Data extract Block Start

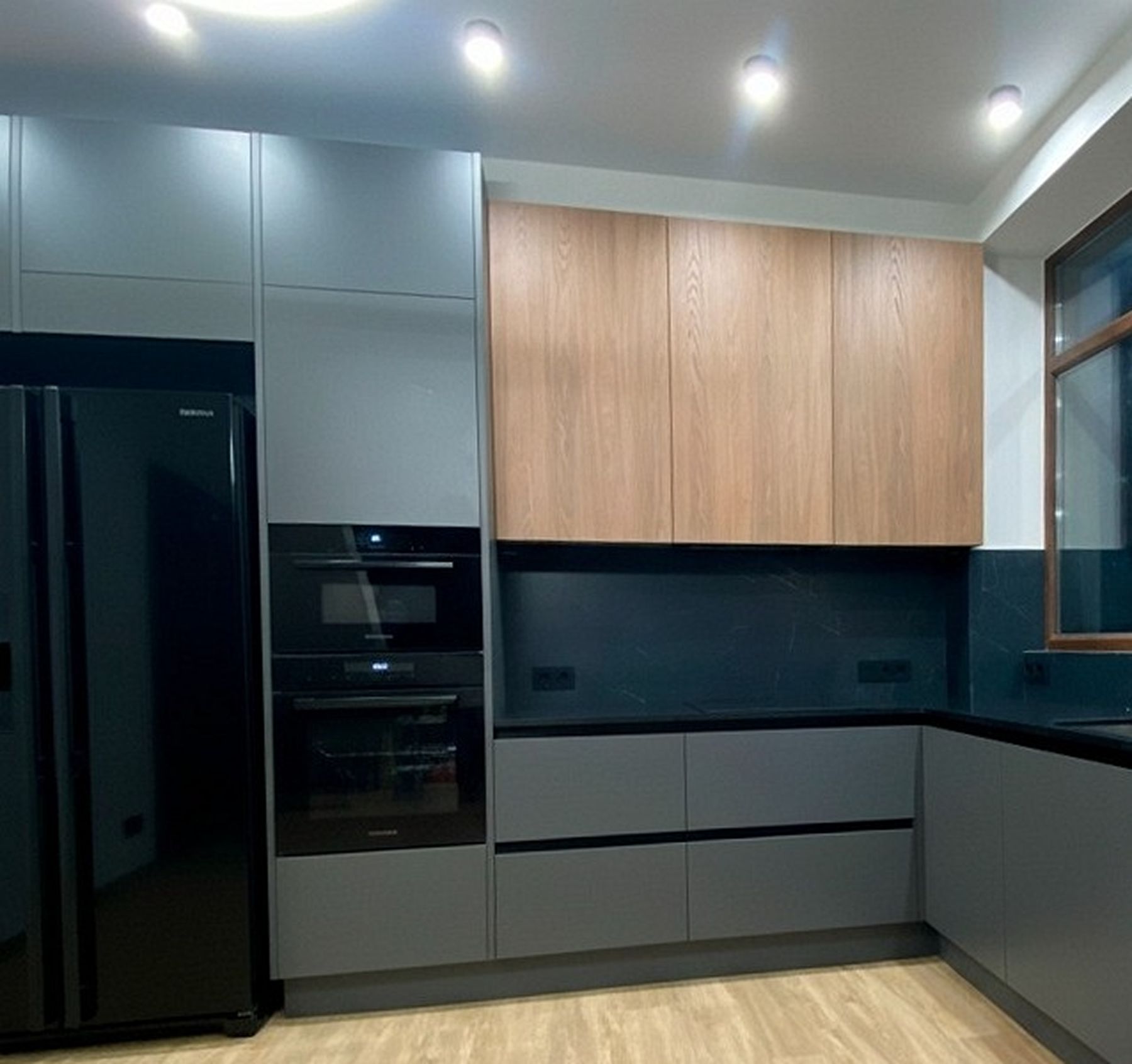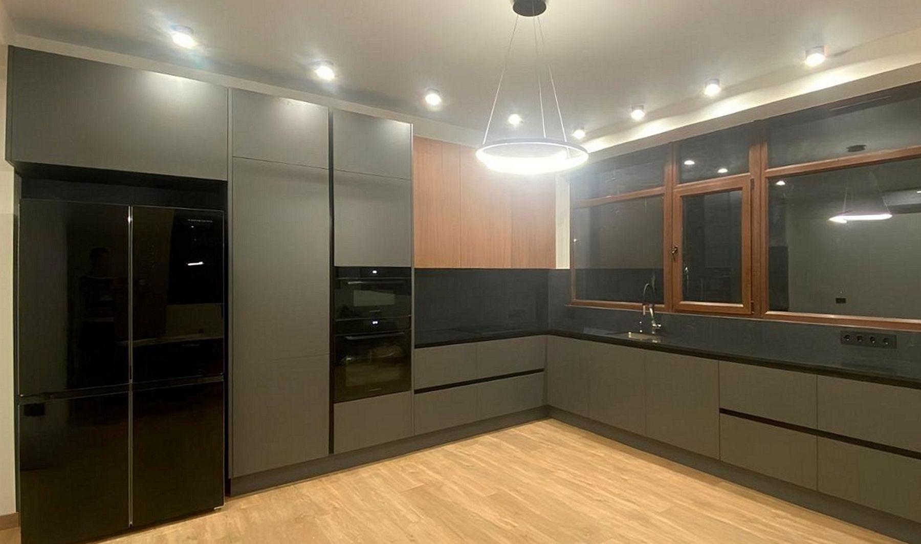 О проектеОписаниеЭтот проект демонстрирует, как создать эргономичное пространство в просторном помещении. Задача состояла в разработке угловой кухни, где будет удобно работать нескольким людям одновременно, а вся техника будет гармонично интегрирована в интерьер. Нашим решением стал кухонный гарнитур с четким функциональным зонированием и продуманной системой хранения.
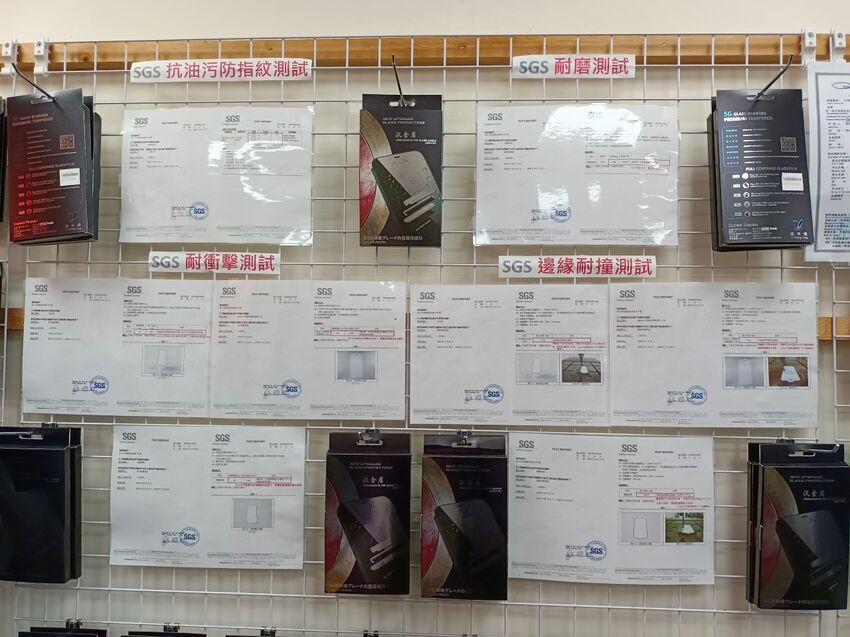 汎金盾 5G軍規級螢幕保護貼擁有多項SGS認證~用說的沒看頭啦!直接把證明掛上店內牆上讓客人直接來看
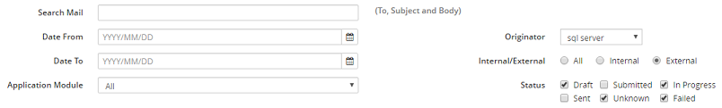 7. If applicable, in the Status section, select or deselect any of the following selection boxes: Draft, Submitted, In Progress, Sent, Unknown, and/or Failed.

Data extract Block End
Data extract Block Start

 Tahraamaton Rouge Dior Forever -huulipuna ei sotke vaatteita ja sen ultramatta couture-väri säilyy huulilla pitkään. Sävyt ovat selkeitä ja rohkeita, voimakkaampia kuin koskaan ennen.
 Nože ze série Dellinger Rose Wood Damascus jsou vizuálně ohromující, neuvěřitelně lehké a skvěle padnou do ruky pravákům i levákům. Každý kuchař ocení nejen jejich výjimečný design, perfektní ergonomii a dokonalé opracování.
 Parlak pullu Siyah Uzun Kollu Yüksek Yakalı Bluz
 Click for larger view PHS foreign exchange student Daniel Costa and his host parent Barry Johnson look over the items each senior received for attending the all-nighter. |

Data extract Block End

Output only the stretch above from the line with "汎金盾 5G軍規級螢幕保護貼" through the line with "7. If applicable, in", reproduced exactly. Exclude pictures.

 汎金盾 5G軍規級螢幕保護貼擁有多項SGS認證~用說的沒看頭啦!直接把證明掛上店內牆上讓客人直接來看
 7. If applicable, in the Status section, select or deselect any of the following selection boxes: Draft, Submitted, In Progress, Sent, Unknown, and/or Failed.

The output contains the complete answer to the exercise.